** Opening Data provided block **
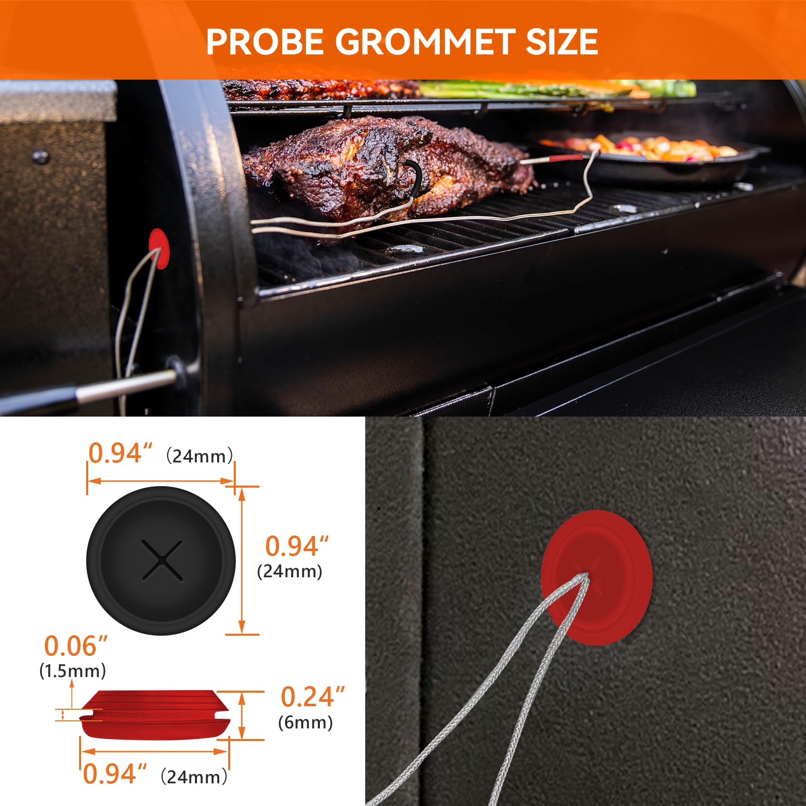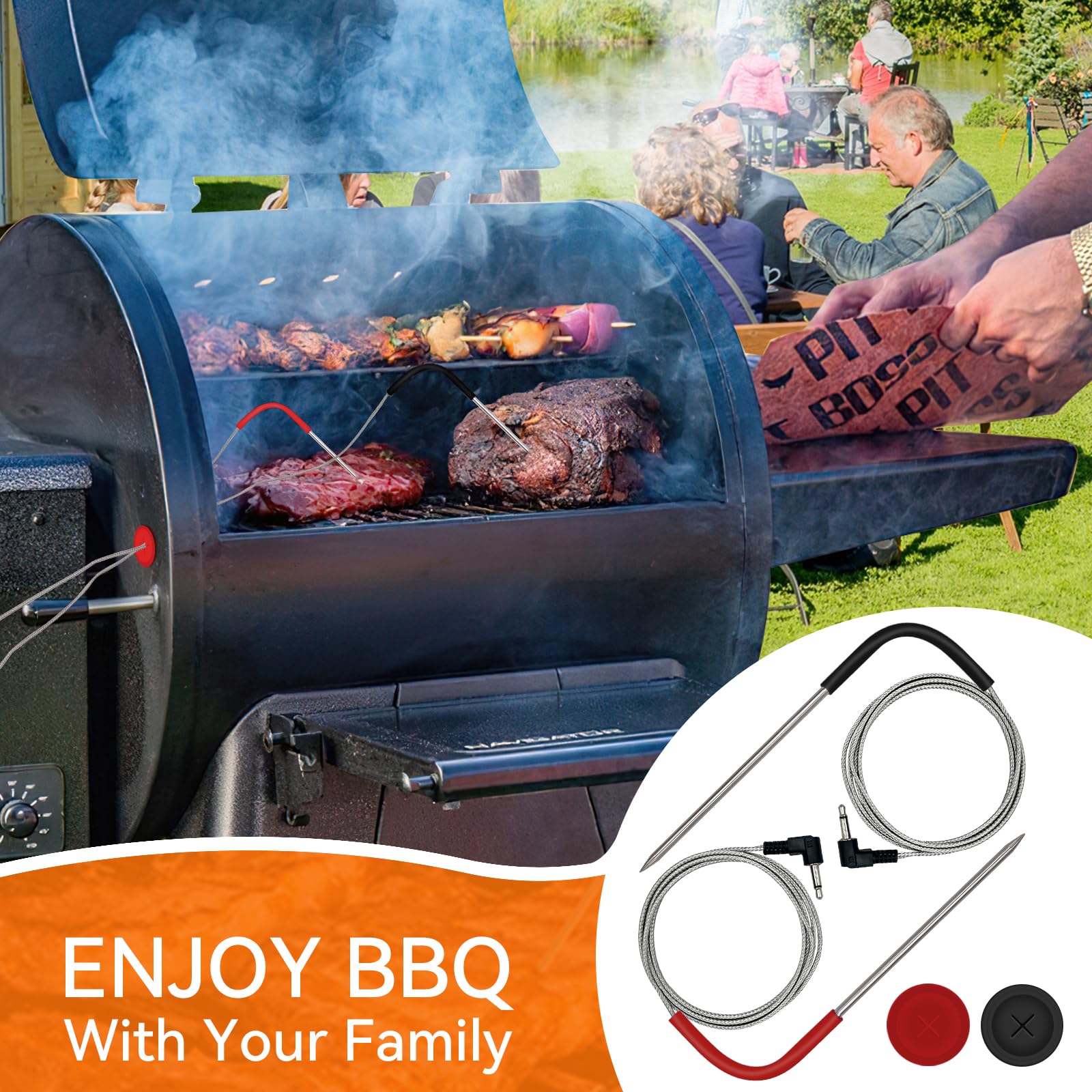 2-PACK MEAT PROBR FOR PIT BOSS : Package contains 2 replacement meat probes and 2 probe grommet covers. The grommets attach to the grill and stabilize the meat pins by passing them through the grommets without worrying about the cable fraying
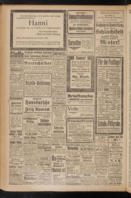 | Stellengesuche! gevrtiste iMsrMin sucht Stelle hier oder Uitigegend, zunächst auch als Bolontäritt. Schriftl. Angebote unter 03782 an den Gießener Anzeiger, f Veikäute | Guter wachsamer Hund, auch Gefliigeltreu. z. vk.
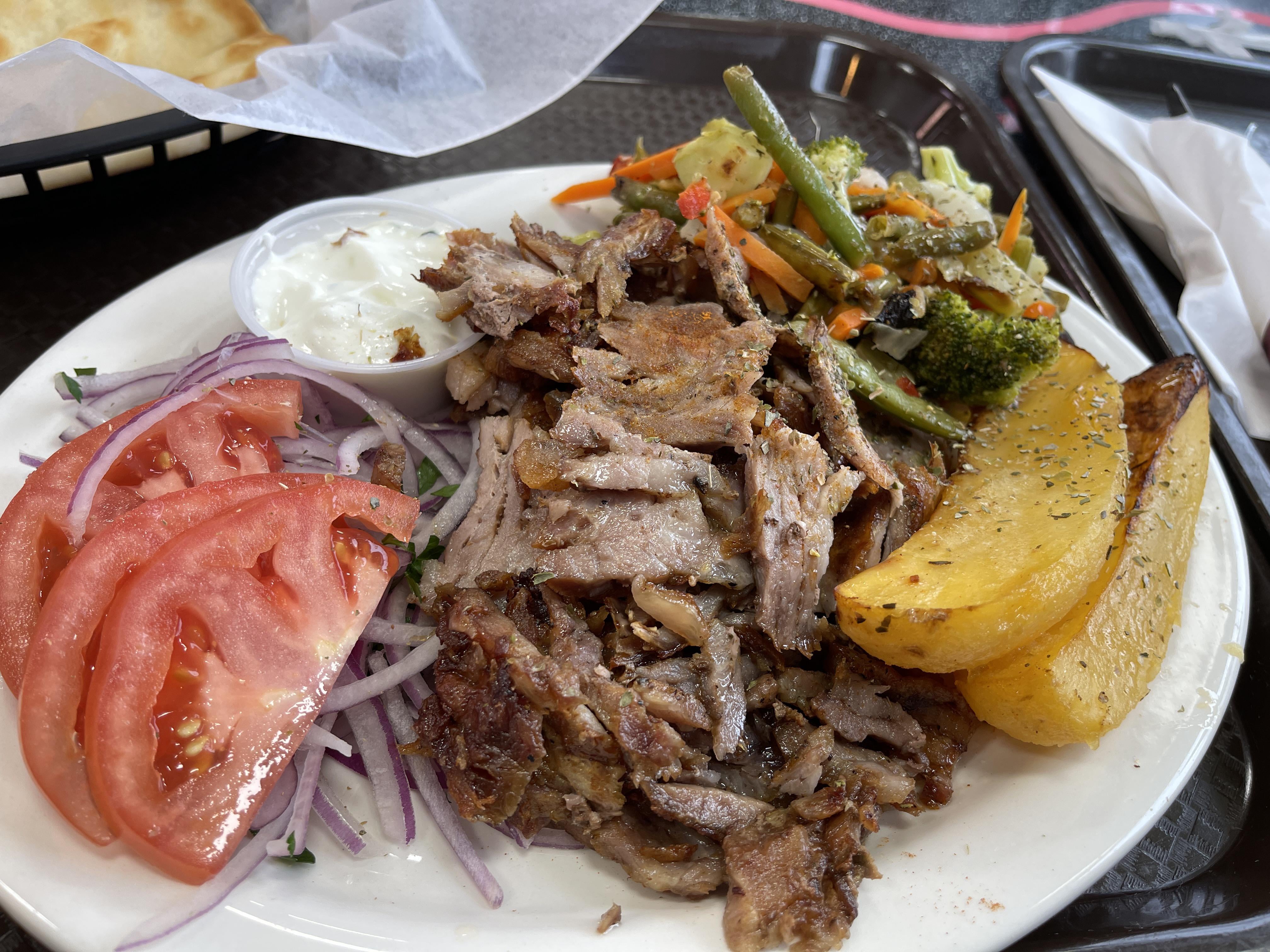 First time for Greek gyros rather than βGreekβ gyros. Pork is this one vs lamb & beef. Tender, juicy, delicious. Comes with Greek potatoes, veggies, soup (or salad), and pita. 2 or 3 meals depending on how hungry you are.
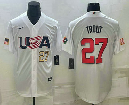 - Men USA Baseball 27 Mike Trout 2023 Red World Baseball Classic Stitched Jersey
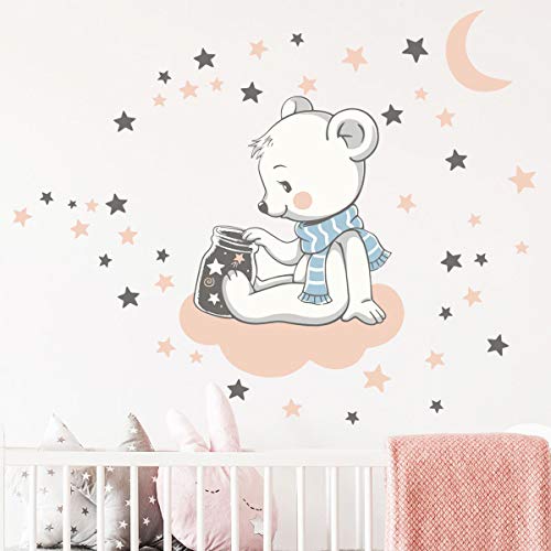 Väggklistermärken för barn - dekoration av babyrum - väggklistermärken för barn - björn väggdekaler på molnet + 110 stjärnor - Väggklistermärke för pojke - H40x L30 cm
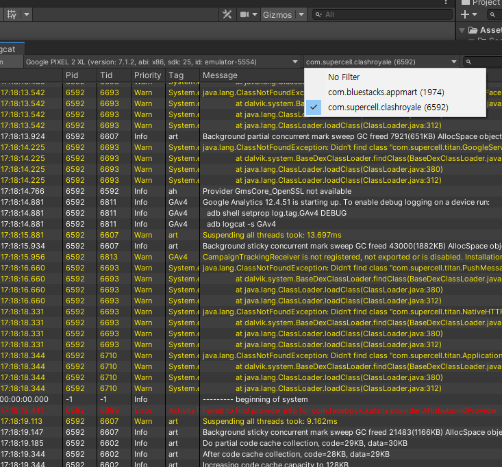 다음으로 unity editor에서 logcat을 실행해 실제 로그를 확인해 보겠습니다.
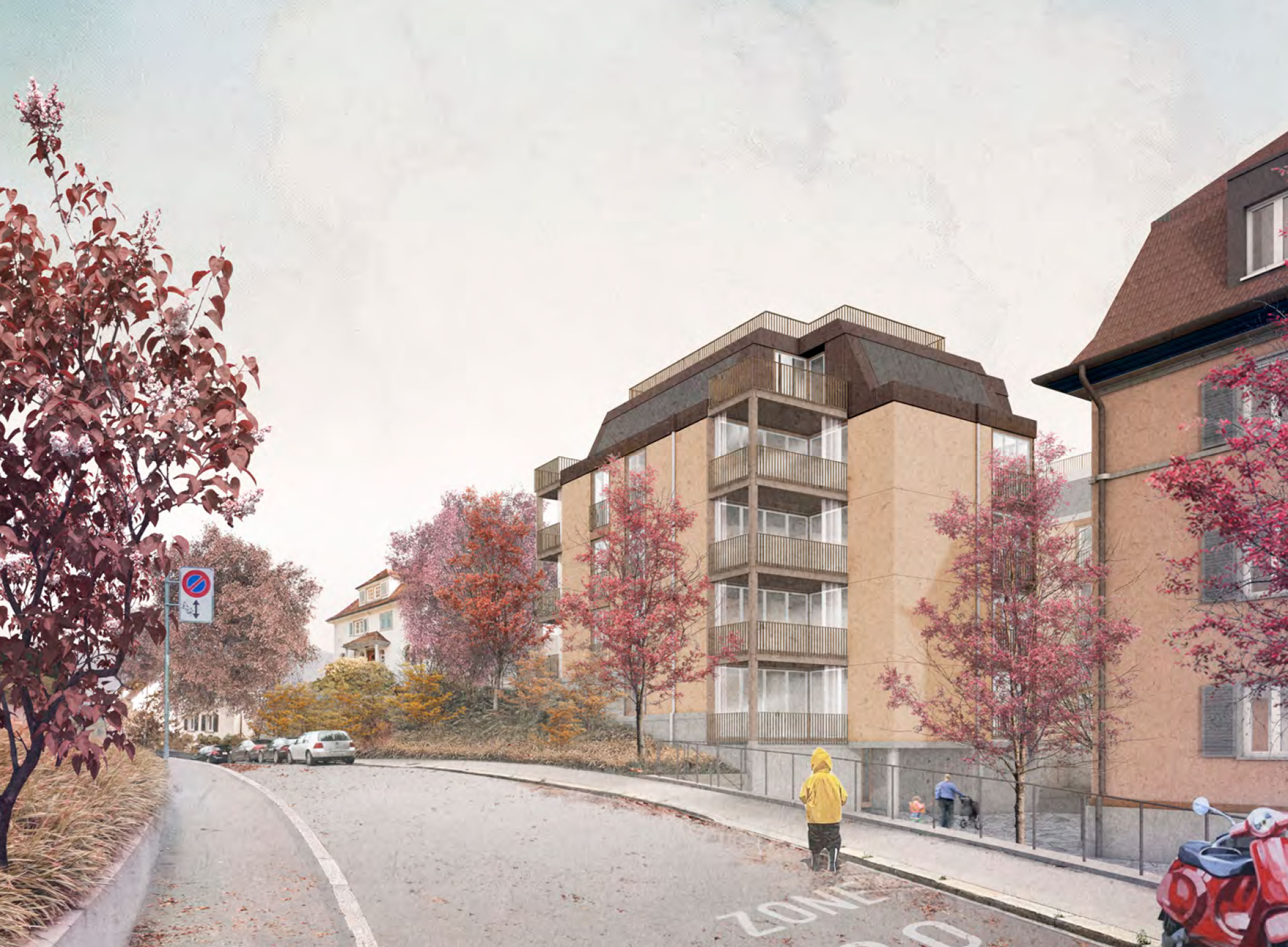Die beiden freistehenden Ersatzneubauten führen das vorherrschende Bebauungsmuster auf dem abfallenden Hügelzug fort. Sie verzahnen sich mit der Gründungssiedlung und bilden ein Ensemble mit einem zentralen Hof und Grünfläche als Übergang zu den angrenzenden Wohnbauten.
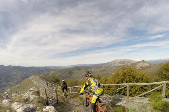 At 8:30 am, we'll meet at Piazza Piano della Corte in the heart of Castelsaraceno. There, we'll get on our electric bikes, put on our helmets and start a 40-kilometer bike ride (25 miles) through nature. Let's roll!
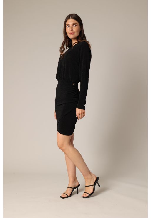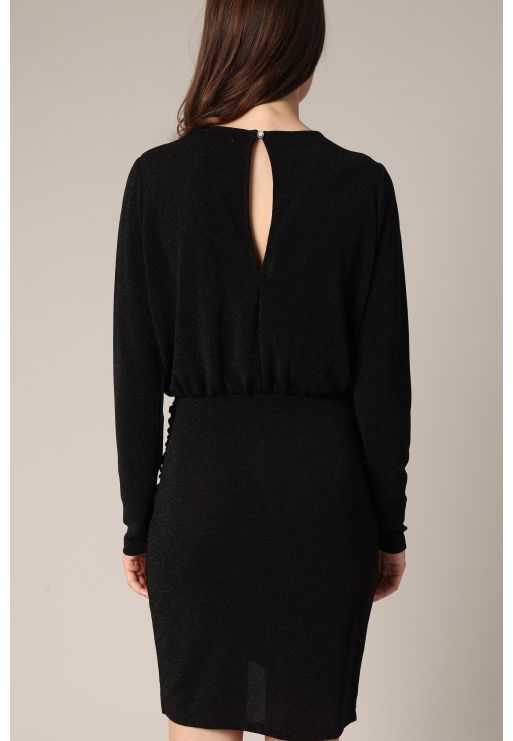Short sequinned dress with long sleeves and gathered waist
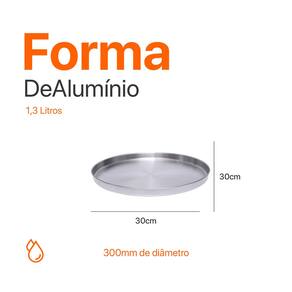 Especificações Técnicas: – Material: Alumínio de alta qualidade – Capacidade: 1,3 Litros – Diâmetro: 30 cm (Tamanho N30) – Altura aproximada: 3 cm – Acabamento: Alumínio polido, leve e resistente ao calor Atenção para o detalhe: a espessura do alumínio garante que o calor seja distribuído de forma uniforme, proporcionando pizzas com bordas crocantes e centro no ponto ideal.
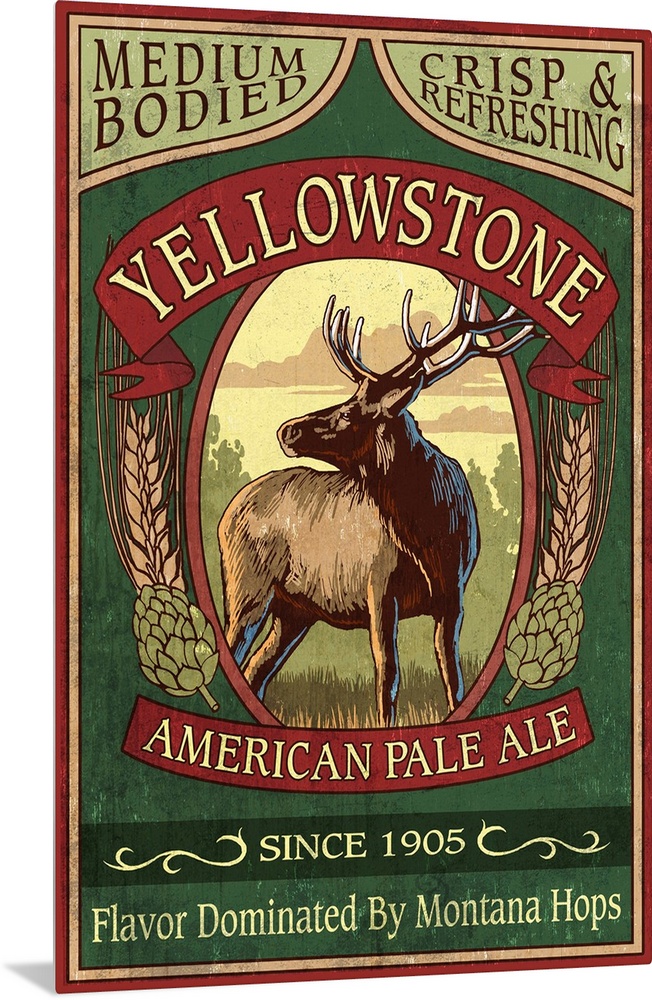 <p>Retro stylized art poster of a vintage sign with an elk advertising ale.</p>
** Closing Data provided block **
Task to complete: The records above are to be repeated word for word, with the pictures omitted.

Expected output:
 2-PACK MEAT PROBR FOR PIT BOSS : Package contains 2 replacement meat probes and 2 probe grommet covers. The grommets attach to the grill and stabilize the meat pins by passing them through the grommets without worrying about the cable fraying
 | Stellengesuche! gevrtiste iMsrMin sucht Stelle hier oder Uitigegend, zunächst auch als Bolontäritt. Schriftl. Angebote unter 03782 an den Gießener Anzeiger, f Veikäute | Guter wachsamer Hund, auch Gefliigeltreu. z. vk.
 First time for Greek gyros rather than βGreekβ gyros. Pork is this one vs lamb & beef. Tender, juicy, delicious. Comes with Greek potatoes, veggies, soup (or salad), and pita. 2 or 3 meals depending on how hungry you are.
 - Men USA Baseball 27 Mike Trout 2023 Red World Baseball Classic Stitched Jersey
 Väggklistermärken för barn - dekoration av babyrum - väggklistermärken för barn - björn väggdekaler på molnet + 110 stjärnor - Väggklistermärke för pojke - H40x L30 cm
 다음으로 unity editor에서 logcat을 실행해 실제 로그를 확인해 보겠습니다.
Die beiden freistehenden Ersatzneubauten führen das vorherrschende Bebauungsmuster auf dem abfallenden Hügelzug fort. Sie verzahnen sich mit der Gründungssiedlung und bilden ein Ensemble mit einem zentralen Hof und Grünfläche als Übergang zu den angrenzenden Wohnbauten.
 At 8:30 am, we'll meet at Piazza Piano della Corte in the heart of Castelsaraceno. There, we'll get on our electric bikes, put on our helmets and start a 40-kilometer bike ride (25 miles) through nature. Let's roll!
Short sequinned dress with long sleeves and gathered waist
 Especificações Técnicas: – Material: Alumínio de alta qualidade – Capacidade: 1,3 Litros – Diâmetro: 30 cm (Tamanho N30) – Altura aproximada: 3 cm – Acabamento: Alumínio polido, leve e resistente ao calor Atenção para o detalhe: a espessura do alumínio garante que o calor seja distribuído de forma uniforme, proporcionando pizzas com bordas crocantes e centro no ponto ideal.
 <p>Retro stylized art poster of a vintage sign with an elk advertising ale.</p>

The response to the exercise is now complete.